■ **What to produce**:
Give back the whole listing word for word and skip each picture.

■ **Information supplied**:
-- Opening Marker --

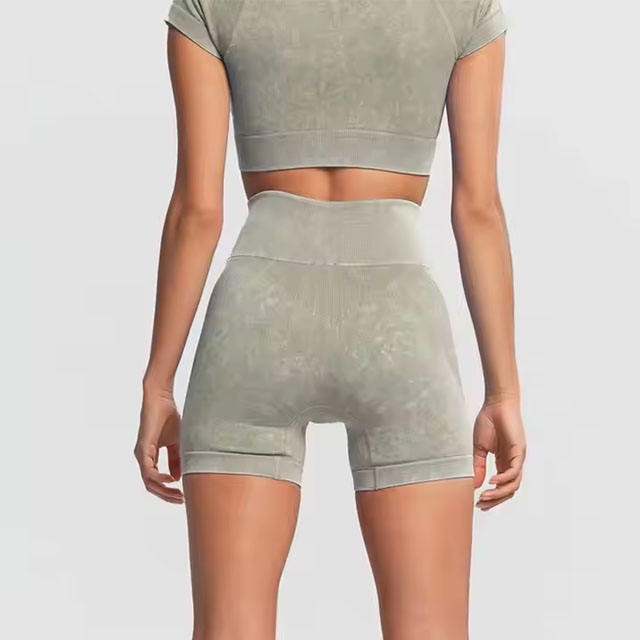 Custom Fit Breathable High Waist Gym Shorts for Women Quick Dry Workout Sports Shorts Stretch Decorative Belt Button Flowers
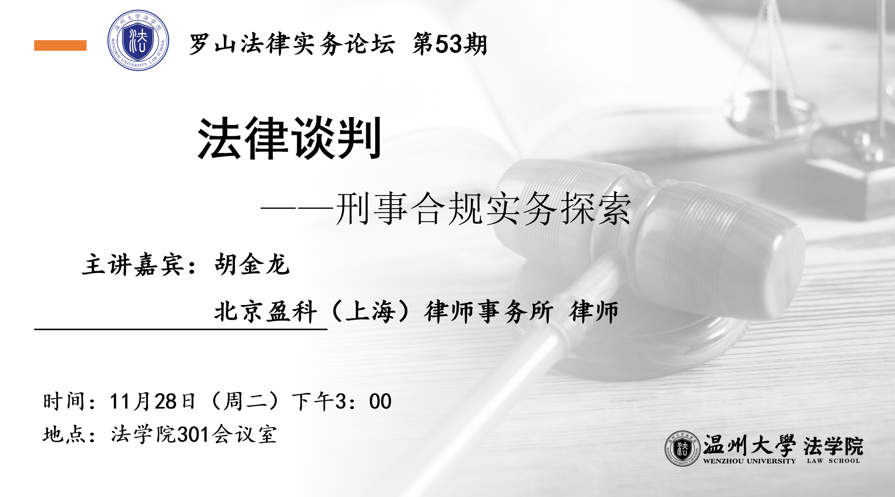 讲座预告丨罗山法律实务论坛 第53期:法律谈判——刑事合规实务探索
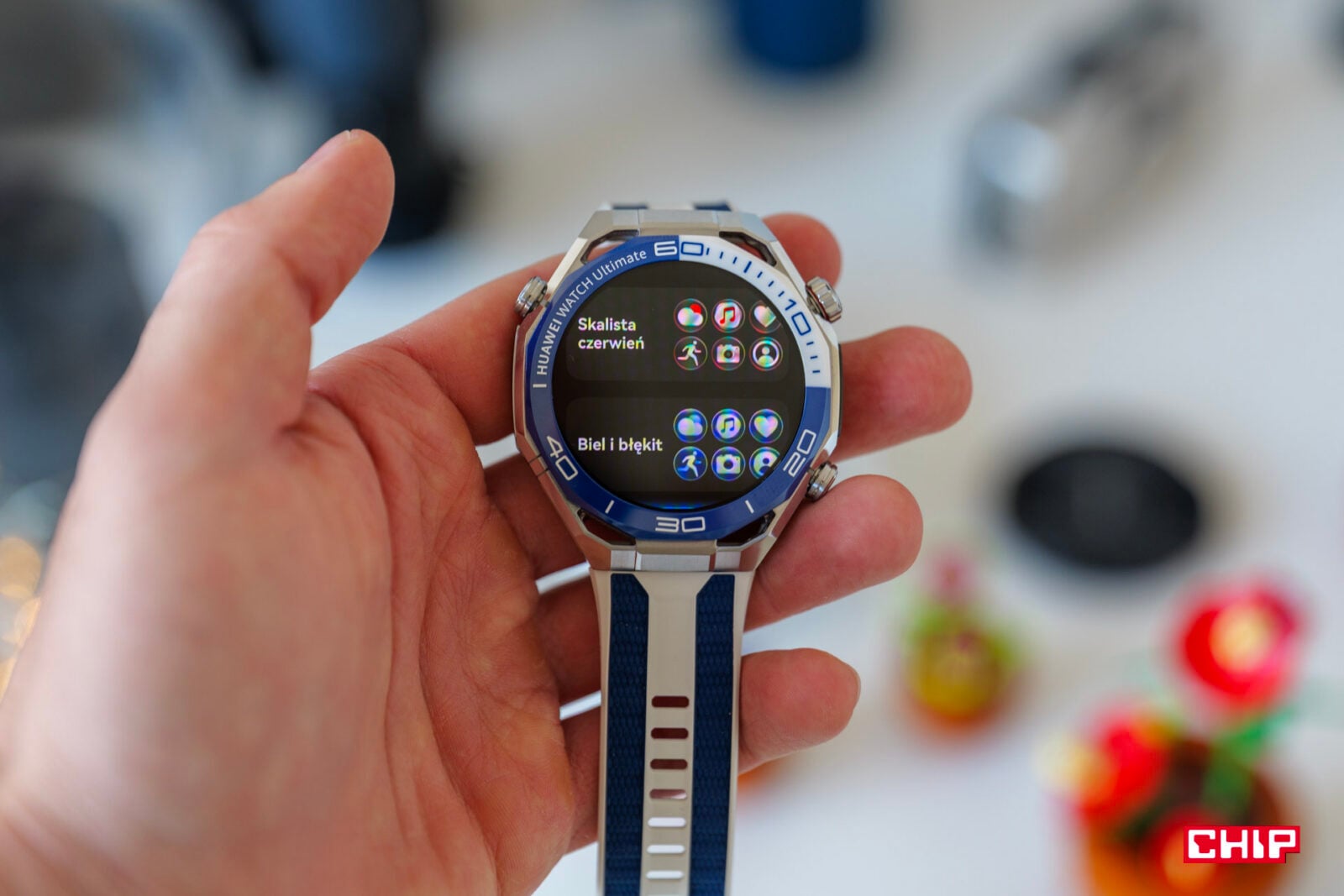 Ekran i tu przyznam, że jak siedziałem na pokazie przedpremierowym zegarków Huaweia to mocno kombinowałem, co dostaniemy w Watchu Ultimate. Chwilę wcześniej dostałem informację, że w serii Watch GT 6 Pro ekrany mają mieć jasność 3000 nitów, więc poprzeczka wisiała wysoko. Z drugiej strony ekranowi pierwszego Ultimate’a kompletnie niczego nie brakuje i to nadal jest topowy wyświetlacz. Bez zmian jest rozdzielczość 466 x 466 pikseli i średnica 1,5 cala. Nadal jest to panel LTPO AMOLED, ale drugiej generacji i jego maksymalna jasność wzrosła z 1000 do 3500 nitów. Czy to widać? Tak, o ile mamy te dwa zegarki obok siebie w bardzo jasnym otoczeniu. Bo, tu się powtórzę, pierwszej generacji zupełnie niczego nie brakuje.

-- Closing Marker --

■ **Exercise response**:
 Custom Fit Breathable High Waist Gym Shorts for Women Quick Dry Workout Sports Shorts Stretch Decorative Belt Button Flowers
 讲座预告丨罗山法律实务论坛 第53期:法律谈判——刑事合规实务探索
 Ekran i tu przyznam, że jak siedziałem na pokazie przedpremierowym zegarków Huaweia to mocno kombinowałem, co dostaniemy w Watchu Ultimate. Chwilę wcześniej dostałem informację, że w serii Watch GT 6 Pro ekrany mają mieć jasność 3000 nitów, więc poprzeczka wisiała wysoko. Z drugiej strony ekranowi pierwszego Ultimate’a kompletnie niczego nie brakuje i to nadal jest topowy wyświetlacz. Bez zmian jest rozdzielczość 466 x 466 pikseli i średnica 1,5 cala. Nadal jest to panel LTPO AMOLED, ale drugiej generacji i jego maksymalna jasność wzrosła z 1000 do 3500 nitów. Czy to widać? Tak, o ile mamy te dwa zegarki obok siebie w bardzo jasnym otoczeniu. Bo, tu się powtórzę, pierwszej generacji zupełnie niczego nie brakuje.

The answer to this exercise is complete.